MainProcess使用arg 2运行回调



MainProcess使用arg 3运行回调



MainProcess使用arg 4运行回调



PoolWorker-1运行func和arg 8



...



用脚本完成


MainProcess如何运行回调,而在它的中间while



multiprocessing.Pool 看起来像一个提示,但我不明白。


apply_async(func [,args [,kwds [,callback]]])



A



如果指定了callback,那么它应该是一个接受单个参数的可调用方法。当结果准备好回调应用到它(除非调用失败)。回调应立即完成,否则处理结果的线程将被阻塞。



解决方案

确实是文档中的一个提示:



>

回调应该立即完成否则
处理结果的线程
会被阻止。


回调在主进程中处理,但单独线程。当您创建时,它实际上在内部创建了一些线程对象:

  class Pool(object):
Process = Process

def __init __(self,processes = None,initializer = None,initargs = (),
maxtasksperchild = None):
self._setup_queues()
self._taskqueue = Queue.Queue()
self._cache = {}
。 。#stuff我们不关心
self._worker_handler = threading.Thread(
target = Pool._handle_workers,
args =(self,)

self._worker_handler.daemon = True
self._worker_handler._state = RUN
self._worker_handler.start()

self._task_handler = threading.Thread(
target = Pool._handle_tasks,
args =(self._taskqueue,self._quick_put,self._outqueue,
self._pool,self._cache)
self._task_handler.daemon = True
self._task_handler._state = RUN
self._task_handler.start()

self._result_handler = threading.Thread(
target = Pool._handle_results,
args =(self._outqueue,self._quick_get,self._cache)

self._result_handler.daemon = True
self._result_handler._state = RUN
self._result_handler.start()

我们感兴趣的线程是 _result_handler ;



切换齿轮一秒钟,当您运行 apply_async 时,它会创建一个 ApplyResult 对象以管理从子级获取结果:

  def apply_async(self,func,args =(),kwds = {},callback = None):
assert self._state == RUN
result = ApplyResult(self._cache,callback)
self._taskqueue.put(([result._job,None,func,args,kwds]],None))
返回结果

类ApplyResult(object):

def __init __(self,cache,callback):
self._cond = threading.Condition(threading.Lock())
self._job = job_counter.next()
self ._cache = cache
self._ready = False
self._callback = callback
cache [self._job] = self


def _set ,i,obj):
self._success,self._value = obj
如果self._callback和self._success:
self._callback(self._value)
self。 _cond.acquire()
try:
self._ready = True
self._cond.notify()
finally:
self._cond.release()
del self._cache [self._job]

如你所见, _set 方法是最终实际执行回调传入的方法,假设任务成功。还要注意,它添加到 __ init __ 结尾的全局高速缓存中。



现在,回到 _result_handler 线程对象。该对象调用 _handle_results 函数,其格式如下:

  while 1:
try:
task = get()
except(IOError,EOFError):
debug('result handler got EOFError / IOError - exiting')
return

if thread._state:
assert thread._state == TERMINATE
debug('result handler found thread._state = TERMINATE')
break

如果任务是None:
debug('result handler got sentinel')
break

job,i,obj = task
try:
cache [job] ._ set(i,obj)#这里是_set(因此我们的回调)被调用!
except KeyError:
pass

#更多的东西

这是一个循环,它只是从子队列中取出结果,在 cache 中找到它的条目,并调用 _set ,它执行我们的回调。它可以运行,即使你在一个循环,因为它不是在主线程中运行。

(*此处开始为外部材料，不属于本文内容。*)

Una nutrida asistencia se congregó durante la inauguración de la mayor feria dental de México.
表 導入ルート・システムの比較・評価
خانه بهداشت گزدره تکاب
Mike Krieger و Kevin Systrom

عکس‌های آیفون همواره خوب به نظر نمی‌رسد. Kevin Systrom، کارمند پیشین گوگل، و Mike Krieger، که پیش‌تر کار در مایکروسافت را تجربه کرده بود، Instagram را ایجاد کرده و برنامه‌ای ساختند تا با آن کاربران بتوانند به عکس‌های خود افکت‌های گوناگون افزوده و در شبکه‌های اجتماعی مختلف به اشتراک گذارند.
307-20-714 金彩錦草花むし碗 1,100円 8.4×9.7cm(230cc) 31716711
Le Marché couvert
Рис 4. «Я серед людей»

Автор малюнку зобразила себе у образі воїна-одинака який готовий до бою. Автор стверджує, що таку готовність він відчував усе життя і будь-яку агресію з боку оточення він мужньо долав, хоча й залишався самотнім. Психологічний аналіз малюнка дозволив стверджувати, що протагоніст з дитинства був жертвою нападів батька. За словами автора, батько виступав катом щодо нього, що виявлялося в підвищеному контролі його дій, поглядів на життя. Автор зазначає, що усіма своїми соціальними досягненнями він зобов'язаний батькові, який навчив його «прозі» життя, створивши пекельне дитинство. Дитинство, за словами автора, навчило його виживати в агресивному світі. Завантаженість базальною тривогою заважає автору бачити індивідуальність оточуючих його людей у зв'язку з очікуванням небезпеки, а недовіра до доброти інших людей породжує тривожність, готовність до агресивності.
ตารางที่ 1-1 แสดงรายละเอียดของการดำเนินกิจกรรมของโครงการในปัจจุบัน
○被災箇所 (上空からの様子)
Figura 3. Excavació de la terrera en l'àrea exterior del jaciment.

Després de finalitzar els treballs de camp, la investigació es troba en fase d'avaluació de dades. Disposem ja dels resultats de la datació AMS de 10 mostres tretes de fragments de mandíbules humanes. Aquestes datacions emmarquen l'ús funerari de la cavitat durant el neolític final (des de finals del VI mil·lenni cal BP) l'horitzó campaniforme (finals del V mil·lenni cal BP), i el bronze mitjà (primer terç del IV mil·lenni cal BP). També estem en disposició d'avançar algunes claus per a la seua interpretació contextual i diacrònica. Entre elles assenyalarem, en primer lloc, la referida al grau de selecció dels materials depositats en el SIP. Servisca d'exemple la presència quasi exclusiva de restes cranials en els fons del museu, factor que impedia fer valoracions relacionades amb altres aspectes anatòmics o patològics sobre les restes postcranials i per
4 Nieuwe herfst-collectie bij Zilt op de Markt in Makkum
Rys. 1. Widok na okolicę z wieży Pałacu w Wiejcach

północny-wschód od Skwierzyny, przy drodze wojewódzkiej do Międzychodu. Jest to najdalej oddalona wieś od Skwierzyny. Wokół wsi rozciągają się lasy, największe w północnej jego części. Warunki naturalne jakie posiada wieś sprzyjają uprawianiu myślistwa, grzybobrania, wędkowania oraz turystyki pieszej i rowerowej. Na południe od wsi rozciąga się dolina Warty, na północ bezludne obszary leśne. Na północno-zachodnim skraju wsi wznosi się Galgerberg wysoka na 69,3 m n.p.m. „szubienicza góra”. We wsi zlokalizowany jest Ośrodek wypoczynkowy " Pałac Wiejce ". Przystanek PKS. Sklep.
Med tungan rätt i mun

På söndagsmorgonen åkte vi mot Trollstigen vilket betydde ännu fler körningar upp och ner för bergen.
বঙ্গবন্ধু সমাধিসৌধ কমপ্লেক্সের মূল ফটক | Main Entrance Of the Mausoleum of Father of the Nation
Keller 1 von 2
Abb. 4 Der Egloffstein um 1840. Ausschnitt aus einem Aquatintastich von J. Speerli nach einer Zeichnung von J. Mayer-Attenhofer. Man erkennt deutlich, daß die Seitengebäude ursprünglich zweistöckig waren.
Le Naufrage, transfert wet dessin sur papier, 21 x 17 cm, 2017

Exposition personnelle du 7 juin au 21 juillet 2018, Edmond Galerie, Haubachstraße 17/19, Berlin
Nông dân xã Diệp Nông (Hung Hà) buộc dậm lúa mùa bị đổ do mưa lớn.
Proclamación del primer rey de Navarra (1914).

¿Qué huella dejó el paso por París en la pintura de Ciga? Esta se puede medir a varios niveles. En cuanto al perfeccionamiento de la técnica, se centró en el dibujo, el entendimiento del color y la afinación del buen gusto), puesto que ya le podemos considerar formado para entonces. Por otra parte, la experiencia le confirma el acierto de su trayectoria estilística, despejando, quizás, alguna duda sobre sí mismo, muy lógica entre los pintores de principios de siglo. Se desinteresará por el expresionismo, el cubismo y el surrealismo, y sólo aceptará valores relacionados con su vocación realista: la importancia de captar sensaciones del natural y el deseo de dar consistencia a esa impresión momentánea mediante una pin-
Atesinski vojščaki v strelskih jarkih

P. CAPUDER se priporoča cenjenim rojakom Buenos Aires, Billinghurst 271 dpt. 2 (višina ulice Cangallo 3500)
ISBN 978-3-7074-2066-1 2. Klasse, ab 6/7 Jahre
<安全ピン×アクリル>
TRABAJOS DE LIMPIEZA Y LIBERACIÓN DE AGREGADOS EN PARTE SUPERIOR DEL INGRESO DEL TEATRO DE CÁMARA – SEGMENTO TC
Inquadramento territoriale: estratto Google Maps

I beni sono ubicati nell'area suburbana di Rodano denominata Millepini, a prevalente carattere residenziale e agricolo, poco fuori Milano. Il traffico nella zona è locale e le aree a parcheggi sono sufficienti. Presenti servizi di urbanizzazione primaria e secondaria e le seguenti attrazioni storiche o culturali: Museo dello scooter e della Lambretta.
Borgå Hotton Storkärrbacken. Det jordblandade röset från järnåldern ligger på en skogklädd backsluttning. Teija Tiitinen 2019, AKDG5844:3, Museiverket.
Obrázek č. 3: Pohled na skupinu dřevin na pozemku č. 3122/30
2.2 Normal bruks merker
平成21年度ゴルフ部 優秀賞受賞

I'm trying to understand a little bit of what's going on behind the scenes when using the apply_sync method of a multiprocessing pool.

Who runs the callback method? Is it the main process that called apply_async?

Let's say I send out a whole bunch of apply_async commands with callbacks and then continue with my program. My program is still doing things when the apply_async's start to finish. How does the callback get run my the "main process" while the main process is still busy with the script?

Here's an example.

import multiprocessing
import time

def callback(x):
    print '{} running callback with arg {}'.format(multiprocessing.current_process().name, x)

def func(x):
    print '{} running func with arg {}'.format(multiprocessing.current_process().name, x)
    return x

pool = multiprocessing.Pool()

args = range(20)

for a in args:
    pool.apply_async(func, (a,), callback=callback)

print '{} going to sleep for a minute'.format(multiprocessing.current_process().name)

t0 = time.time()
while time.time() - t0 < 60:
    pass

print 'Finished with the script'

The output is something like

PoolWorker-1 running func with arg 0

PoolWorker-2 running func with arg 1

PoolWorker-3 running func with arg 2

MainProcess going to sleep for a minute <-- main process is busy

PoolWorker-4 running func with arg 3

PoolWorker-1 running func with arg 4

PoolWorker-2 running func with arg 5

PoolWorker-3 running func with arg 6

PoolWorker-4 running func with arg 7

MainProcess running callback with arg 0 <-- main process running callback while it's still in the while loop!!

MainProcess running callback with arg 1

MainProcess running callback with arg 2

MainProcess running callback with arg 3

MainProcess running callback with arg 4

PoolWorker-1 running func with arg 8

...

Finished with script

How is MainProcess running the callback while it's in the middle of that while loop??

There is this statement about the callback in the documentation for multiprocessing.Pool that seems like a hint but I don't understand it.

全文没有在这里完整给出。